Brimage, a 5-foot-7, 220-pound native of Birmingham, Ala., could be the favorite. In five games in 2002, he ran for 291 yards and averaged 7.5 yards a carry.
He moved up from the Navy JV midway through the season because of injuries to Eckel and Bryce McDonald and served notice that he would be an important cog this year. His 171 rushing yards against Wake Forest in a 30-27 loss were the most by a non-quarterback at the Naval Academy in 16 seasons, and he capped the year with an 84-yard performance in the 58-12 romp over Army.
Brimage, slowed with a right ankle sprain from practice last Friday, said he'll be ready for the opener against VMI in two weeks.
Eckel, who opened last season as the starter, performed well in nine games, running for 510 yards and four touchdowns, two against North Carolina State. But then a knee injury, the first for the 5-11, 235-pound back, against Notre Dame ended his season. He has regained trust in himself and his ability to run and cut on the knee.

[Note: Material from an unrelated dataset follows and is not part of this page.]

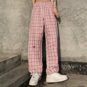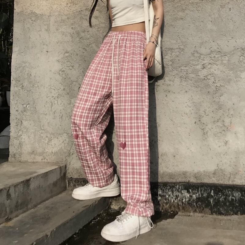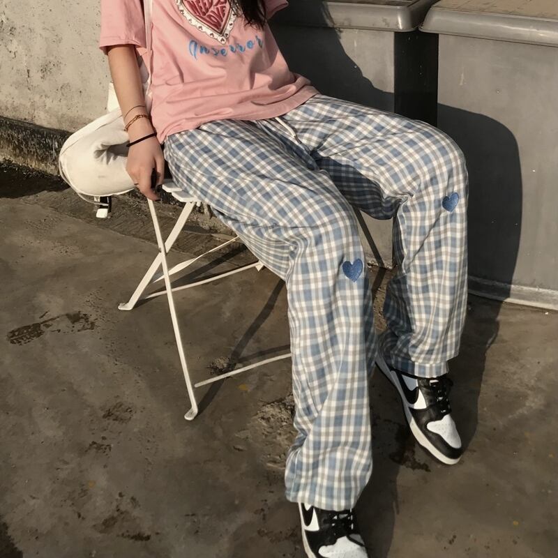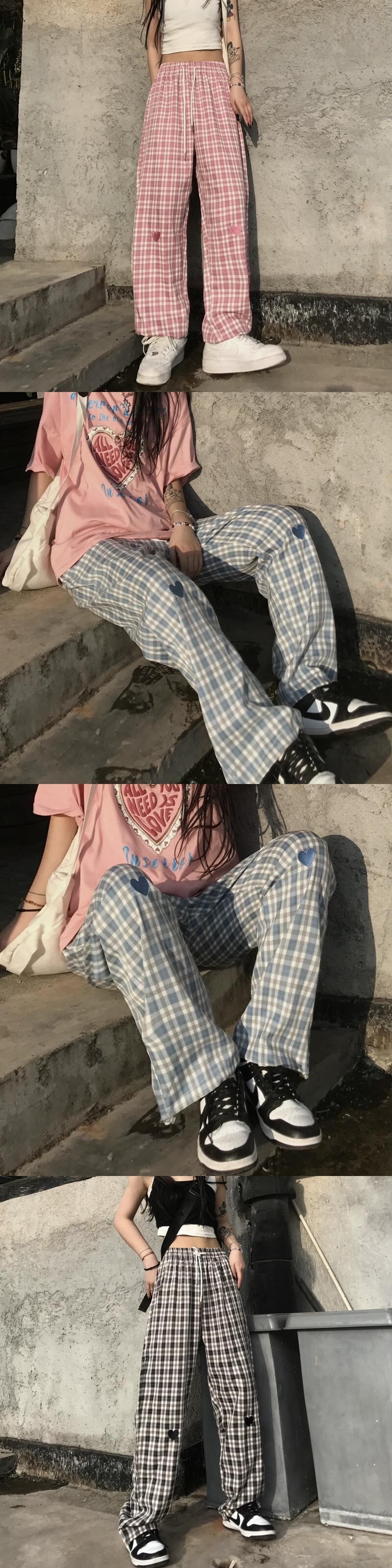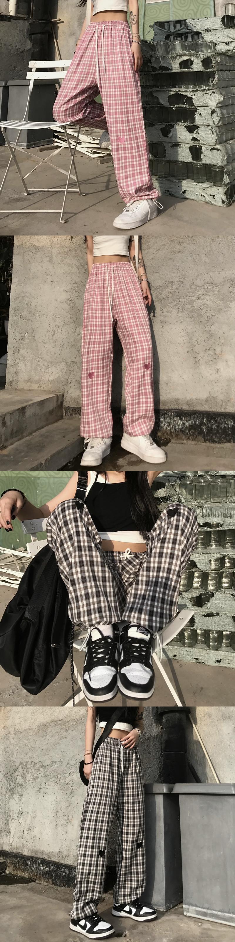 格子柄パンツ 夏服スタイル韓国ファッション刺繍薄手ハイウェストウェストスリム 夏物 ウエスト コーデ モノクロ Studio15193416182

"Trusting's not a problem," said Eckel, who's from Haverford, Pa. "I've trusted it for a while now. It gets a little sore after practice, and I put some ice on it. It's not a problem."
Carroll, meanwhile, is the newcomer, having shifted over from slotback to fullback for this season. The Katy, Texas, native moved quickly up the fullback ranks with a solid spring practice, running for 76 yards on 14 carries and a touchdown in the spring game. Carroll said he gained 10 pounds to 198 to make the move and is ready to challenge Brimage and Eckel to start, or at least to get into the mix.
"It's definitely a competition," Carroll said. "It keeps everyone on their toes and wanting to get better every day. I think it's going to make all of us rise to the next level. I look forward to coming out to practice every day and trying to get better."
Johnson seems less than pleased with the team's performance through the first full week of practice.
"We look like a team that's practiced for one week," Johnson said. "Certainly, we have some individuals that have improved themselves over the summer and gotten better. We just have to maintain our focus for two hours when we're out here at practice. That seems to be a struggle. We need to continue to work to get better. We're not where we need to be."
Johnson, who starts his second season as coach, wouldn't allow the Midshipmen to use the crutch of wanting to face real opposition rather than butting heads against each other in practice.
"We've only had the pads on for [a few] days," Johnson said. "If anything, that ought to help you as far as knowing where to go and who to take and all those kind of things. It's just a question of being focused and dialed in."
The team will practice and scrimmage at the Navy-Marine Corps Memorial Stadium at 9:30 a.m. Saturday.
Candeto flies high
Quarterback Craig Candeto's seven-touchdown performance (six rushing, one passing) against Army last season continues to pay dividends.
It seems that his breakout game, during which the Midshipmen set the Army-Navy scoring record with 58 points, got him fan mail and e-mails from all over the country, a concept that Candeto called "humbling," as well as a reminder of how big the Army-Navy game is.
Even better was the fact that an F-18 squadron out of Oceana, Va., named a plane "Candeto's Ride" after Candeto, an aspiring fighter pilot, wore the patch of the VFA-83 Rampagers on his jersey during the Army-Navy game. The squadron invited him to the base just before Christmas, and he got to see his name on the plane.
"It was pretty neat," Candeto said on the Navy Web site. "I didn't expect it at all. I got to talk to the commanding officer of the squadron and presented him with a football and got to see my name on the side of a plane. Hopefully, one day my name will be on my own jet."